- [EXERCISE AIM]
In the material below, find the line with "BACA Comprehensive Exam"; set down that line and every line after it to the end, exactly, without pictures.
##### INFORMATION SUPPLIED #####
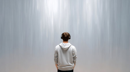A person wearing headphones stands in front of soft, blurred background, creating serene and contemplative atmosphere. light appears to cascade down, enhancing feeling of tranquility and focus
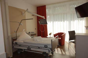In der großen Mehrzahl unserer Zimmer sind Dusch- und Toilettenräume integriert. Außerdem verfügen alle Patientenzimmer über einen TV sowie ein multifunktionales Mediengerät direkt am Krankenbett.
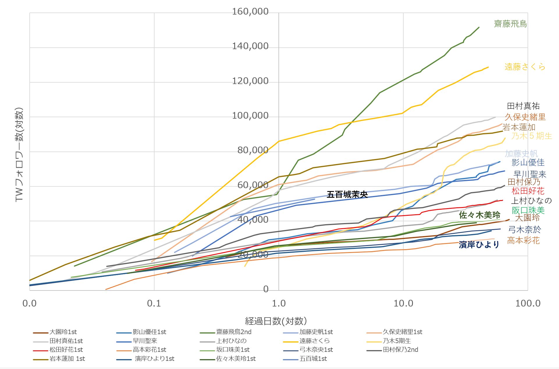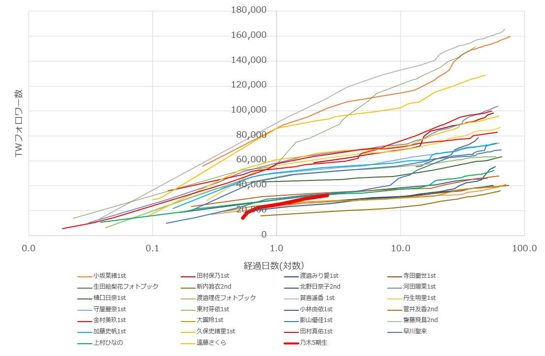 乃木坂5期生の写真集発売ということで、フォロワー数の増加推移をみていますが、いまのところ発売日に6万フォロワーぐらいのペースかな?
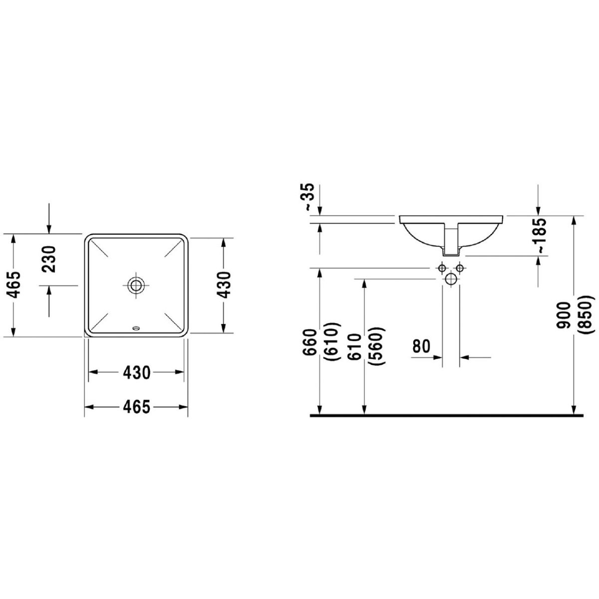 Duravit Starck 3 Waschbecken 43x43 cm quadratisch Unterbauwaschbecken weiß 0305430000
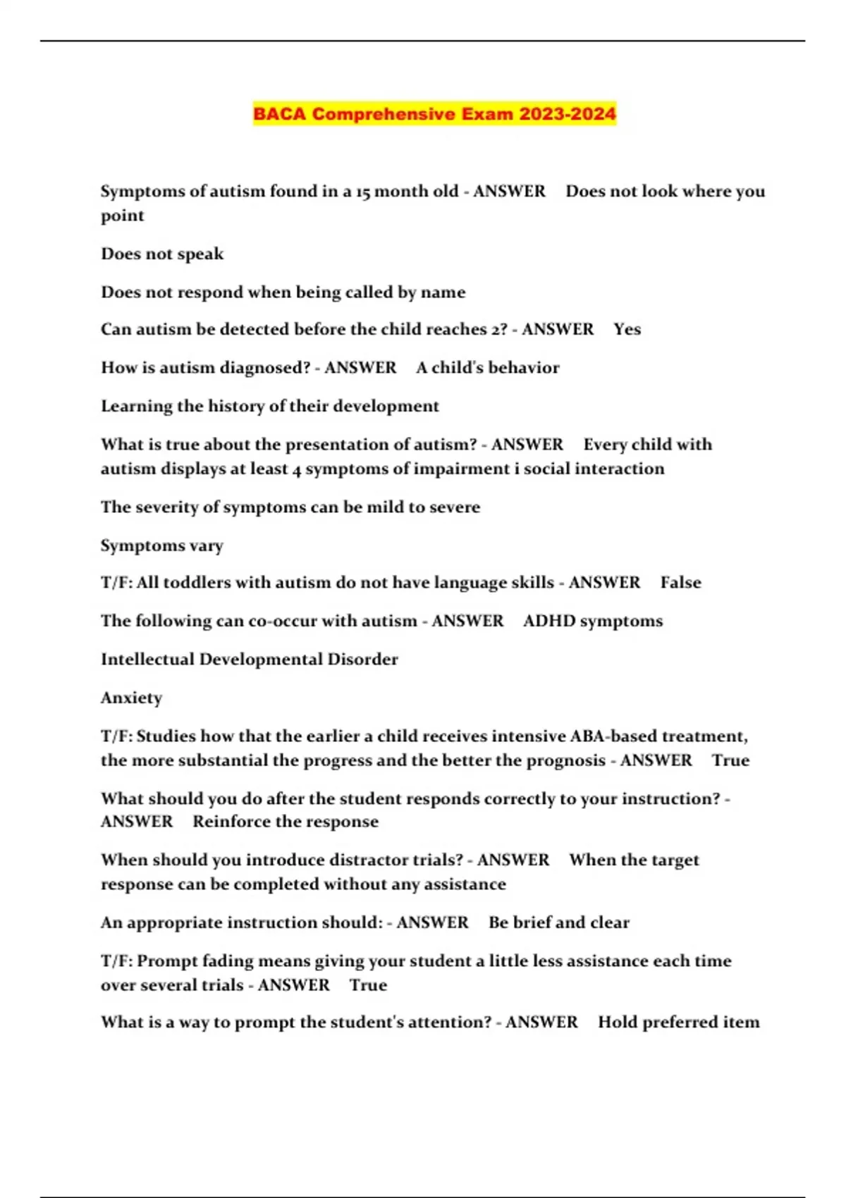 BACA Comprehensive Exam
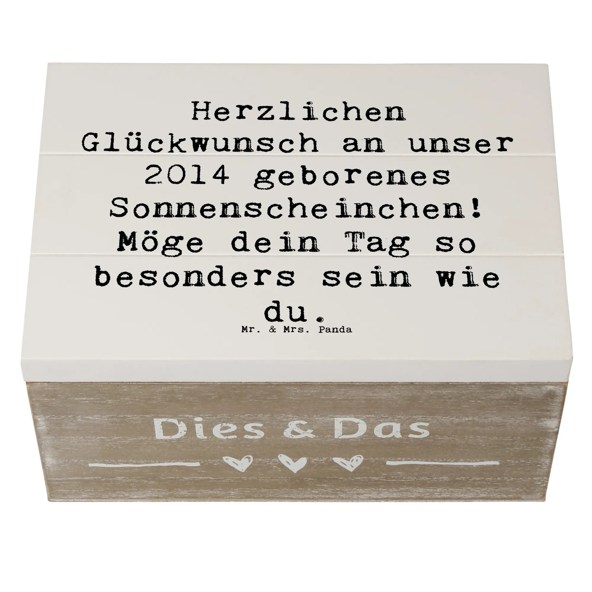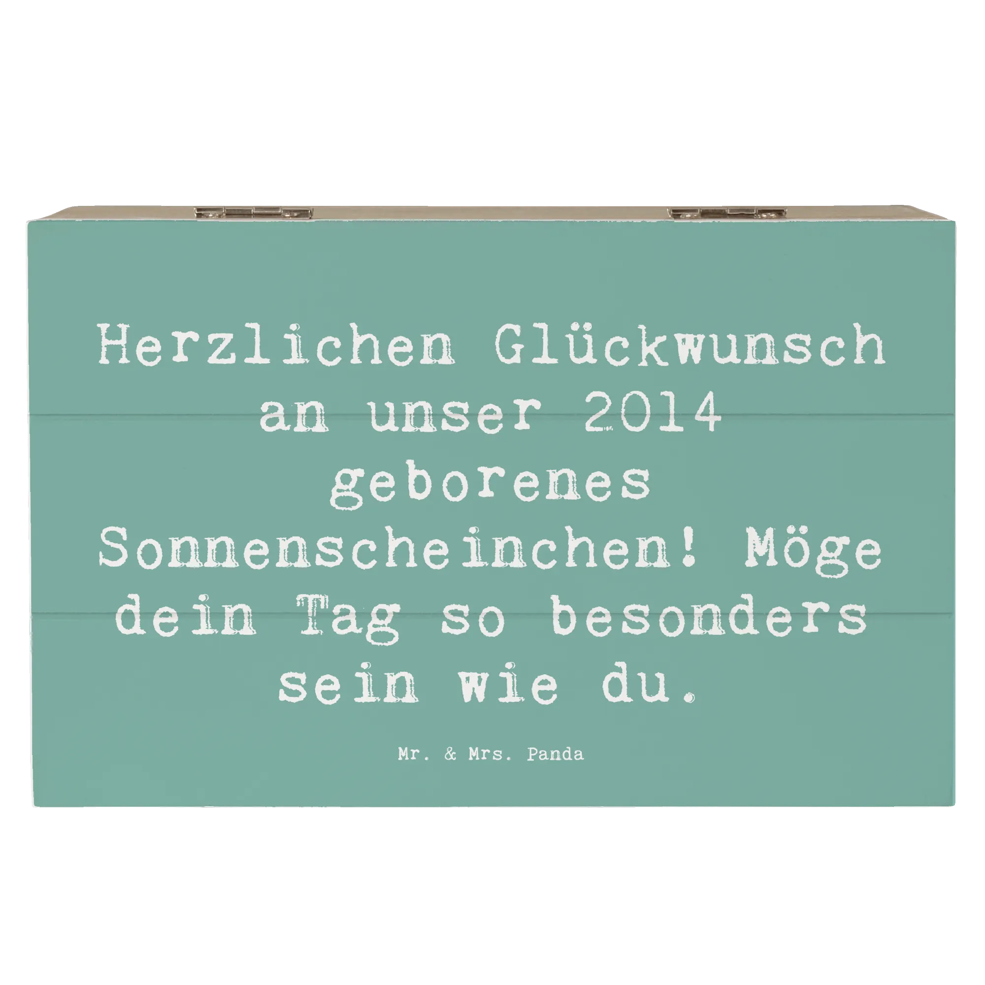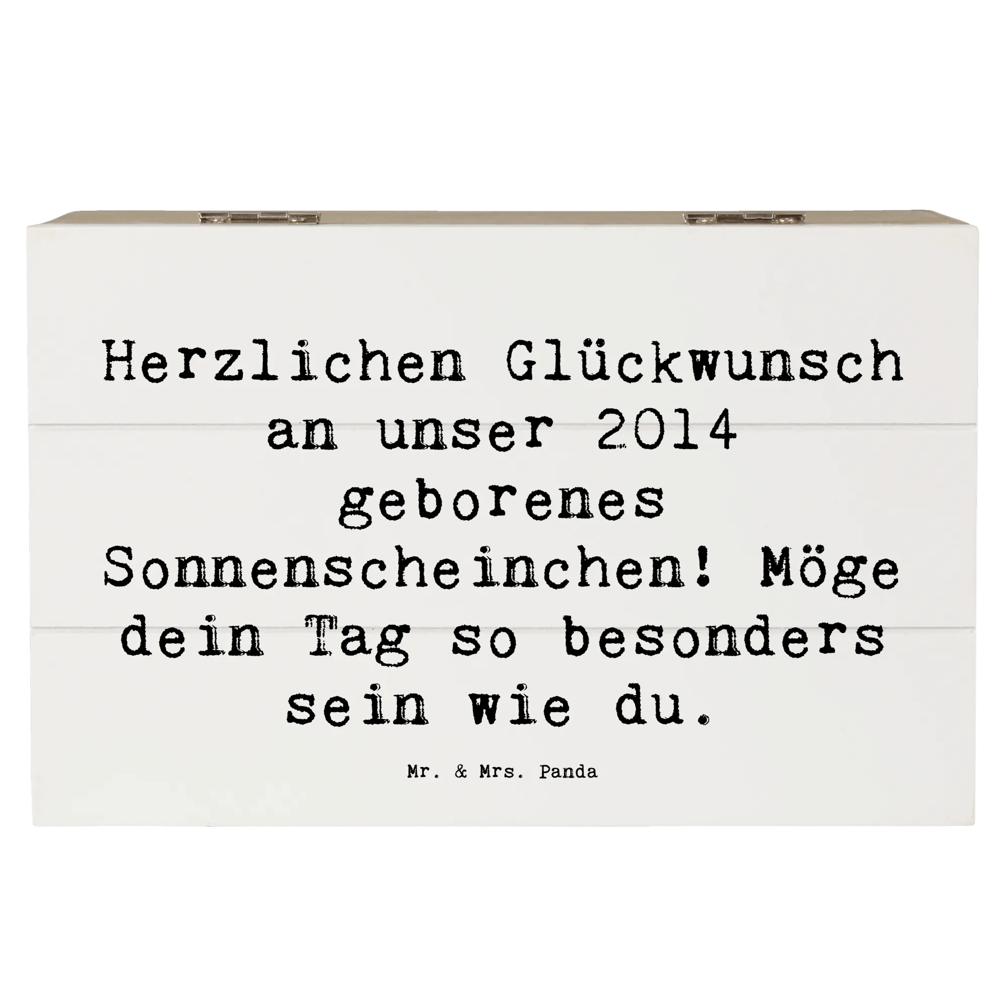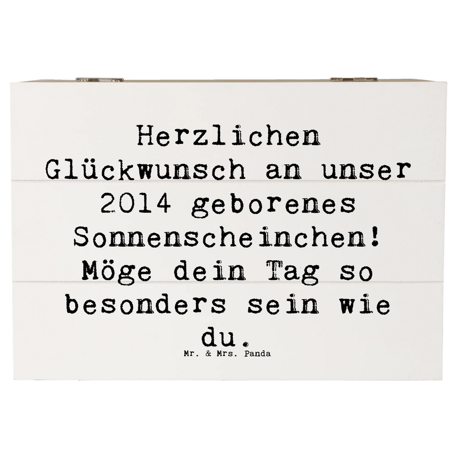 Die wunderschöne Holzkiste von Mr. & Mrs. Panda ist das perfekte Geschenk für alle, die 2014 geboren wurden! Mit dem liebevollen Slogan 'Herzlichen Glückwunsch an unser 2014 geborenes Sonnenscheinchen! Möge dein Tag so besonders sein wie du.' wird diese Kiste zu einem echten Hingucker. Diese Erinnerungskiste ist nicht nur ein stilvoller Aufbewahrungsort für all die besonderen Schätze Deines kleinen Lieblings, sondern auch ein tolles Deko-Element für jedes Kinderzimmer.
#####
- [ANSWER SECTION]
 BACA Comprehensive Exam
 Die wunderschöne Holzkiste von Mr. & Mrs. Panda ist das perfekte Geschenk für alle, die 2014 geboren wurden! Mit dem liebevollen Slogan 'Herzlichen Glückwunsch an unser 2014 geborenes Sonnenscheinchen! Möge dein Tag so besonders sein wie du.' wird diese Kiste zu einem echten Hingucker. Diese Erinnerungskiste ist nicht nur ein stilvoller Aufbewahrungsort für all die besonderen Schätze Deines kleinen Lieblings, sondern auch ein tolles Deko-Element für jedes Kinderzimmer.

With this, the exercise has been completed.